Zdjęcie: Robert Kool / Israel Antiquities Authority
Nie wiadomo dokładnie dlaczego chłopcy kopali w ziemi akurat w okolicy znanego stanowiska archeologicznego. Nie byli częścią pracującej tam ekipy. Być może był to element treningu który przechodzili na wakacyjnym para-wojskowym obozie.
– Kopałem w ziemi i nagle wydobyłem coś, co wyglądało jak bardzo cienkie liście. Jak wziąłem je do ręki od razu zobaczyłem, że to złote monety. Znalezienie takiego skarbu to coś fantastycznego – stwierdził w oficjalnym komunikacie IAA Oz Cohen, jeden z nastolatków.

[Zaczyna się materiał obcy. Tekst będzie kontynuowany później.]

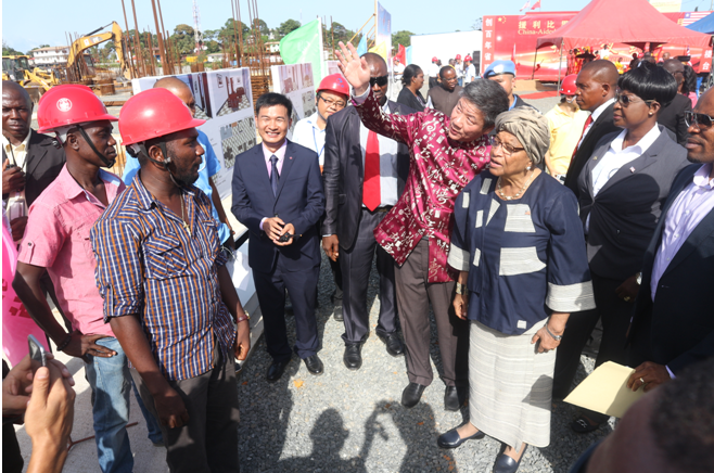 利比里亞總統(tǒng)出席援利政府辦公樓開工儀式
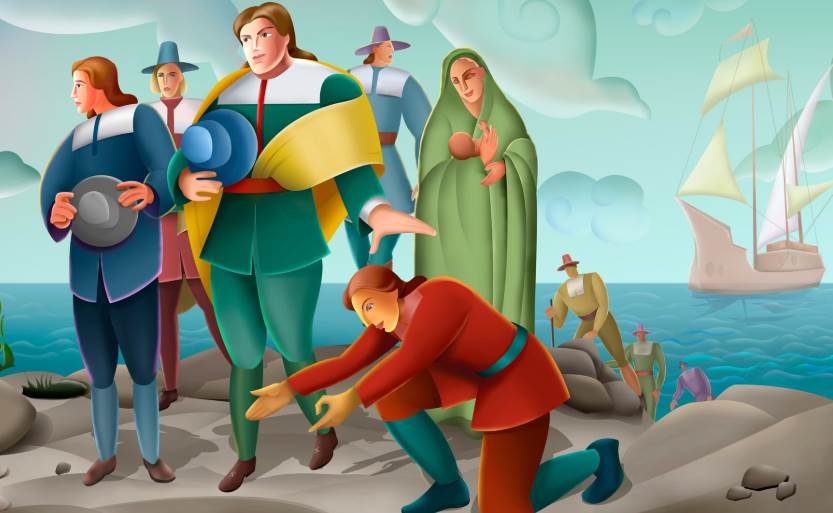 感恩节的由来可以追溯到美国历史的发端,起源于马萨诸塞普利茅斯的早期移民。这些移民在英国本土时被称为清教徒,因为他们对英国教会的宗教改革不彻底感到不满,以及英王及英国教会对他们的政治镇压和宗教迫害,所以这些清教徒脱离英国教会,远走荷兰,后来决定迁居到大西洋彼岸那片荒无人烟的土地上,希望能按照自己的意愿信教自由地生活。
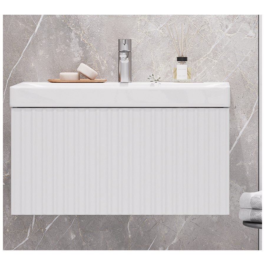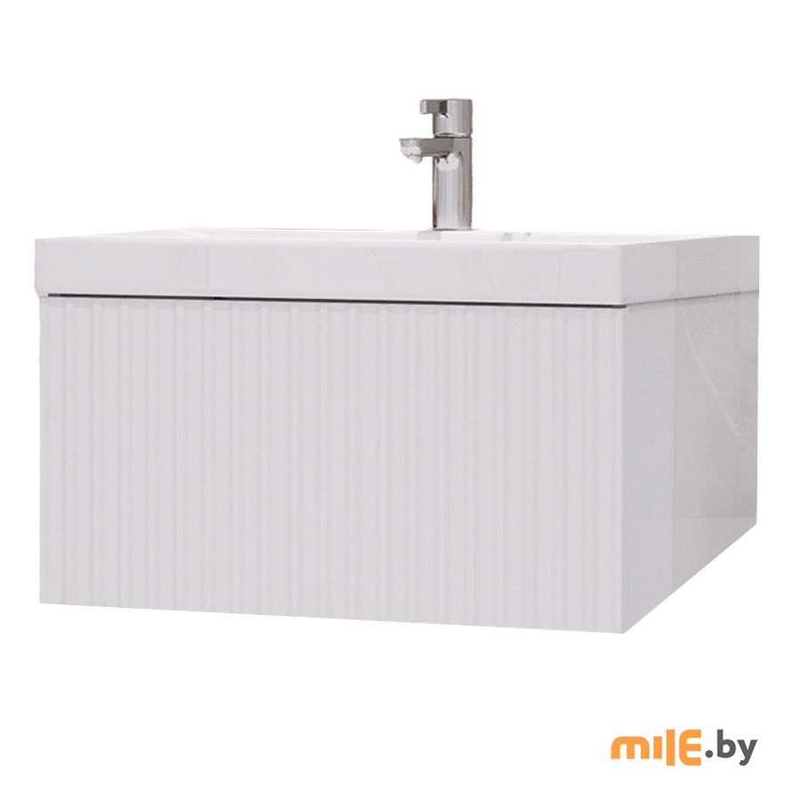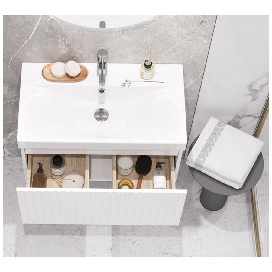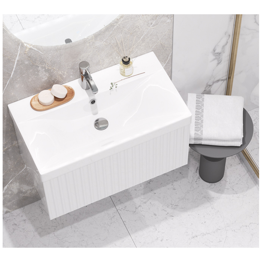 Тумба под умывальник Velvex Compo 700-0-1 - оригинальная подвесная модель с вертикальной фрезеровкой фасада. Утонченный дизайн подчеркивает отсутствие лицевой фурнитуры. Система хранения представляет собой вместительный выдвижной ящик с механизмом push-to-open, срабатывающим на нажатие. Фасад выполнен из влагостойкой МДФ. Пленочное покрытие ПВХ придает изделию дополнительную защиту от влаги и механических повреждений.
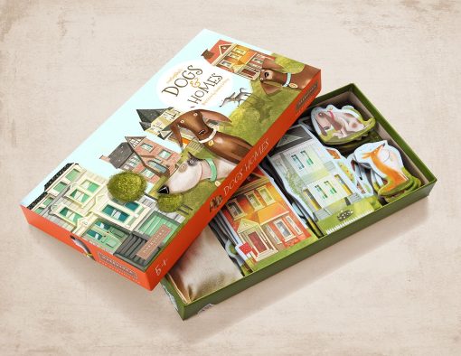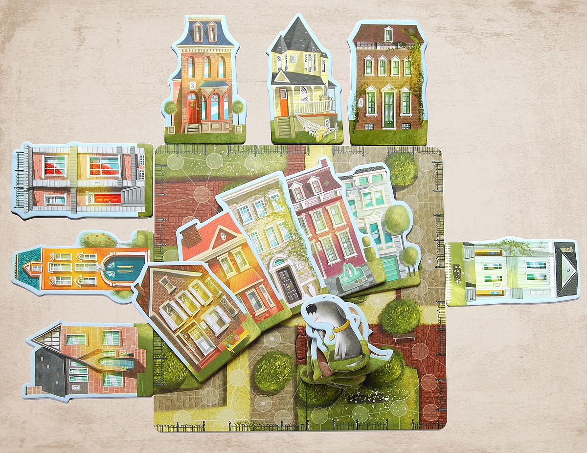 Contient : 4 pions détectives, 1 plateau parc, 12 maisons, 12 chiens, 16 disques indices.

Zdjęcie Yuli Schwartz / Israel Antiquities Authority
Ciekawą sprawą jest nawet nie tyle znalezienie złota, to znalezienie złotych monet. Nieczęsto trafia się na tak stare i nieprzetopione złoto. Zwykle kolejne cywilizacje wykorzystywały dawne numizmaty do tworzenia kolejnych, także ozdób.
– To monety z czystego złota, które nie utlenia się. Są w świetnym stanie, zupełnie jak gdyby zakopano je dzień wcześniej. To, że znaleziono je w tym miejscu może wskazywać że na na tych ziemiach dochodziło do wymiany handlowej z kupcami z dalekich stron – mówi Liat Nadav-Ziv z IAA.
Zakopany skarb został dodatkowo unieruchomiony w ziemi długim gwoździem stabilizującym gliniany słój. – Osoba, która go zakopała sądziła zapewne, że go odzyska. Możemy tylko zgadywać, co jej stanęło na drodze – dodają eksperci z IAA.
Zdjęcie: Robert Kool / Israel Antiquities Authority
Część monet zakopano w całości, część to pocięte fragmenty służące za ”drobniaki”. Jedna z pociętych monet jest szczególnie ciekawa i rzadka, bo jest na niej fragment portretu bizantyjskiego cesarza Teofila (A.D. 813 – 842), wybity najpewniej w stołecznej mennicy pobliskiego imperium, w Konstantynopolu.
– Jeżeli chrześcijański władca został wybity na islamskiej monecie sporo to mówi o związkach między imperiami, zarówno w czasach pokoju jak i wojny – zauważył Kool.